▸ Your objective: From the data below, return all lines holding the string "knee".

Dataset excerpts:
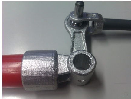
Fig. 3. knee joint

With this procedure complex items with cavities and heavily curved surfaces can be build. The design is not limited by constraints from conventional manufacturing. With this technology highly optimized structures can be manufactured [Ge1]. These are at least the joints (knee, elbow, hand) for the carbon tubes, also carrying the attachments for servos, cables and so on. As one can see in figure 3, the SLM process is ideal for producing elements like knee-joints.
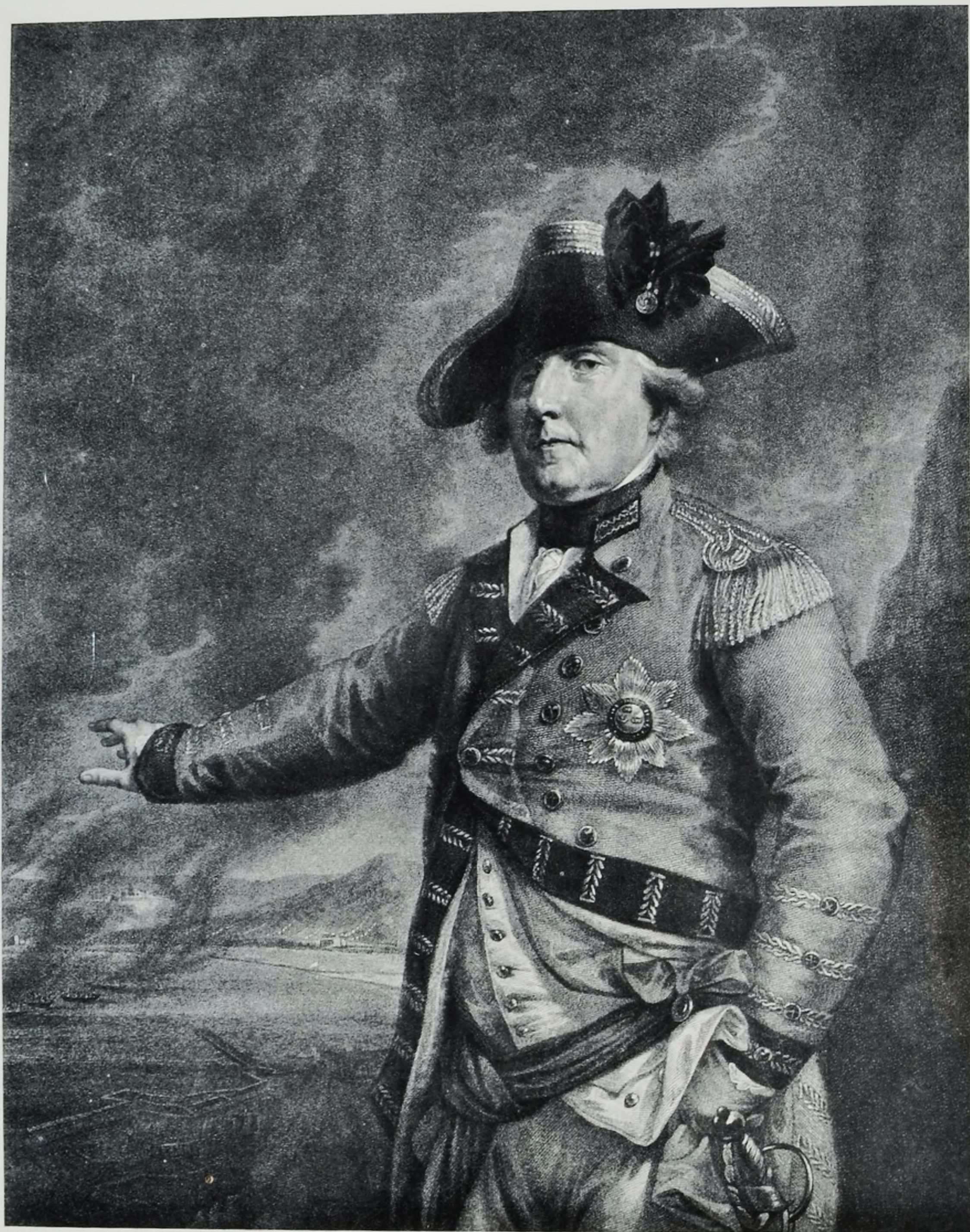
GEORGE AUGUSTUS ELLIOT (LORD HEATHFIELD) GOVERNOR OF GIBRALTAR
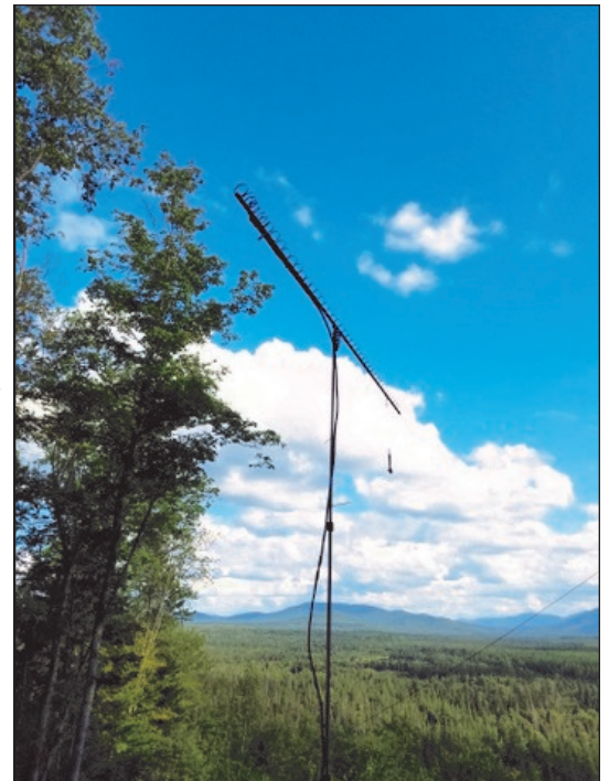
Note the wrench being used as a counter balance. On 23cm. The attached hardline is so heavy that the boom tilted up at an 15 degree angle and we spent several minutes to find a viable solution. It was John, who came up with idea of the counterweight. Worked perfectly!

We began our work early Saturday morning setting up antennas plus two stations for 222, 432, and 1296MHz that included a couple of expected interruptions along the way, which resulted in a late start. The combined 1.25m/70cm station consists of a Yaesu FT991 transceiver, Down East Microwave 222 -28L transverter, Henry 2002 500W 222MHz PA, and Mirage D-1010N, 100W 70cm PA. For 23cm, we used a K3 transceiver, and SSB Electronics LT-23S 10W transverter. The antenna complement includes M2 222-10EZ 10 element 222 Yagi, K1FO DSE432-15 70cm rover Yagi, and DSE2345LY 45 element loop Yagi for 23cm. Two antenna supports were used. They are Penninger 32ft Tipper mast with G-450 Yaesu rotor supporting 222 and 432 antennas, and a painter's pole supporting the 1296 antenna.

▸ Solution to the problem:
Fig. 3. knee joint
With this procedure complex items with cavities and heavily curved surfaces can be build. The design is not limited by constraints from conventional manufacturing. With this technology highly optimized structures can be manufactured [Ge1]. These are at least the joints (knee, elbow, hand) for the carbon tubes, also carrying the attachments for servos, cables and so on. As one can see in figure 3, the SLM process is ideal for producing elements like knee-joints.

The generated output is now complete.